Altice poursuit son ascension sur le marché européen des télécoms. Le groupe brésilien Oi a annoncé dans la nuit de lundi à mardi la cession de sa filiale Portugal Telecom à la holding luxembourgeoise, pour 7,4 milliards d’euros. « A la suite de l'approbation de l'opération, Oi vend à Altice la totalité des actions de PT pour la valeur de 7,4 milliards d'euros », a indiqué Oi à l'organisme de régulation du marché brésilien. Il a ajouté qu'il recevrait 500 millions d'euros supplémentaires liés aux revenus futurs de PT. Les actifs internationaux de PT (Africatel, Timor Telecom, …) restent la propriété d’Oi.

Soutenu par un syndicat de cinq banques - JPMorgan, Morgan Stanley, Deutsche Bank, Goldman Sachs et Credit Suisse- Altice l’a emporté face aux fonds d’investissement Apax Partners et Bain Capital. Il a cependant dû relever son offre initiale - 7,025 milliards d’euros en cash et 400 millions liés aux revenus futurs.

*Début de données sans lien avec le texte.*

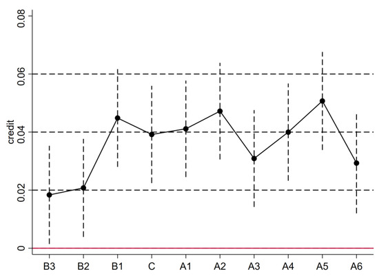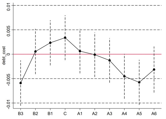 This paper adopts the DID, and its key assumption is that without the exogenous impact of the introduction of the “Green Credit Guidelines”, the loan amount and debt cost of the treatment group and the control group should maintain the same change trend. Therefore, we test whether the changes in the financing amount and corporate debt cost of the treatment group and the control group meet the parallel trend assumption before the “Green Credit Guidelines” are issued. According to this idea, taking the launch of the “Green Credit Guidelines” as a node, parallel trend tests are carried out on the changes in the loan amount and debt cost of companies. The results are shown in Figure 2 and Figure 3. As can be seen from the figure, the models of the two dimensions of loan amount and financing cost both meet the parallel trend assumption of the DID.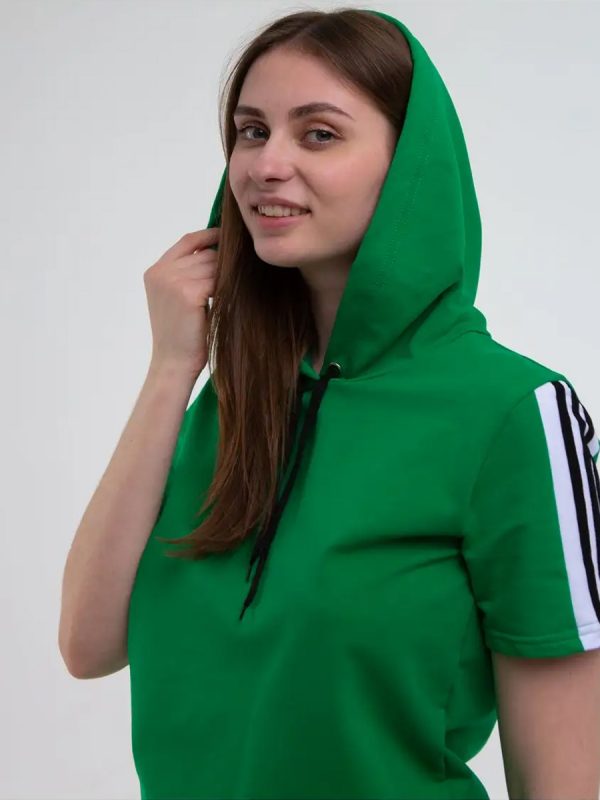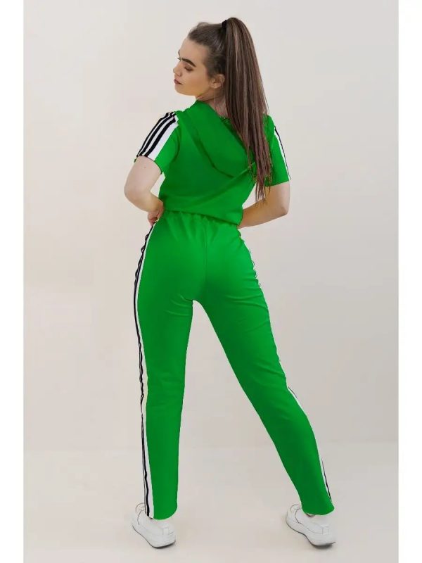 Модный, удобный спортивный женский костюм с капюшоном, карманами. Изготовлен из ткани — футер.

Ce rachat consolide un peu plus l’empire de Patrick Drahi, le patron d’Altice, après les acquisitions de SFR (marié à Numericable) et de Virgin Mobile en France. Portugal Telecom détient entre 40% et 50% des parts des marchés de la téléphonie mobile et du haut débit ainsi que de la télévision au Portugal. Altice compte faire jouer les synergies avec ses deux filiales locales, Cabovisao et Oni, mais a promis de poursuivre le déploiement du réseau de fibre optique, déjà bien avancé, et compte créer 4000 emplois dans le cadre de ce rachat. Quitte à alourdir un peu plus sa dette, qui atteint avant ce rachat 18 milliards d’euros (en comptant les filiales) soit 4,5 fois l’Ebitda. Cette stratégie d’acquisitions avec un fort effet de levier semble plaire au marché : depuis le début de l’année, le titre a plus que doublé. Vers 11h mardi, il cède 0,4% sur un marché parisien en repli de 1,1%.